One thing we need to consider is keeping email addresses unique. Primary email addresses are already “supposed” to be unique, but we have many accounts with the same primary email address. Presumably these accounts were created before we migrated to the ID Dashboard in 2011, and therefore could not have had their primary email address checked. Most appear to be duplicate accounts created by the same person.

I wrote a script to analyze duplicate email addresses in the userbase. These were the results I found:

6030 email addresses
130 email address duplicated
142 times.
128 of these are primary-only duplicates.
0 of these are secondary-only duplicates.

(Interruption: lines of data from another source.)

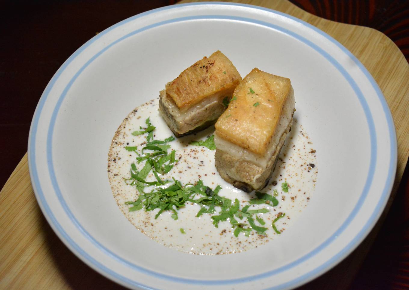 Corte de costillas de cerdo con salsa bechamel (carnitas gourmet dicen por ahí)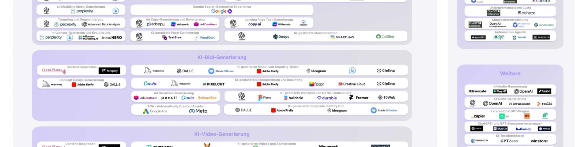FraMar dient als umfassender Leitfaden für die Auswahl geeigneter Marketingbereiche und KI-Tools. Es zielt darauf ab, langfristige KI-Prozesse in Unternehmen zu entwickeln und bietet einen klaren Überblick über relevante Marketingbereiche für den Einsatz von KI.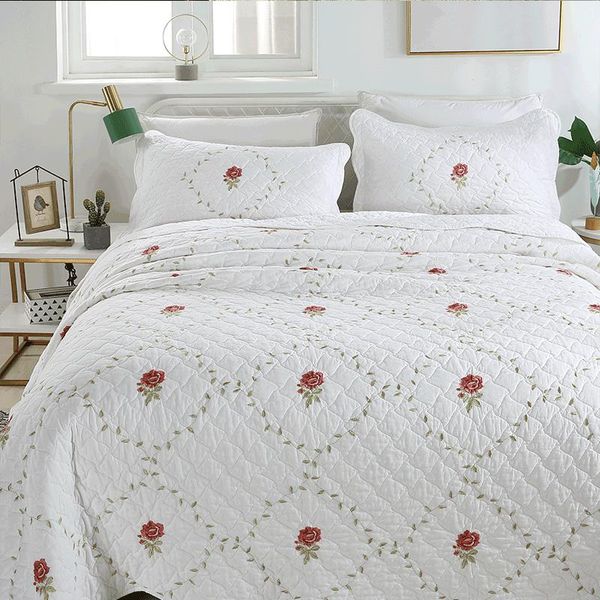 comforters & sets white bedspreads quilt set 3pcs jacquard cotton quilts for double bed cover pillowcase king queen size summer coverlet bla

This means there are 128 times where more than one account is using the same primary email address. Due to the way MongoDB indexes data, we cannot keep these duplicate addresses around?

I see a couple potential options:

  • Change email addresses on old, duplicate accounts, to something like username@users.noreply.openmrs.org. Affected users, if they were actually using that account, would then be able to go in and update to a new email address.
  • Don’t import these users automatically, only import them when their account first authenticates to the Dashboard. Prevent subsequent accounts from importing to the Dashboard without a Helpdesk ticket to resolve the email address conflict.

Since I believe the vast majority of these clashes are with old accounts that have been forgotten about, I don’t think that either option will cause much of a problem.

Thoughts?

1 Like

I’d like to review the 128 accounts (somewhere non-public to prevent unintentional disclosure of e-mail addresses) to verify.

We need to see what those duplicates have created in apps like JIRA or Confluence, specifically. Generally, I’m inclined to support your approach #2 (don’t import automatically) because I don’t really want lots of deactivated accounts around. But removing accounts from the directory would cause problems for JIRA and Confluence, I think. (We need to verify this in a non-production environment.)

Also, if we had to have a few duplicate accounts, would email address tags work?

Maybe. But since email address tags don’t work with Google Groups, those addresses would be somewhat-invalid. And not all addresses we’re looking at are from providers who support them.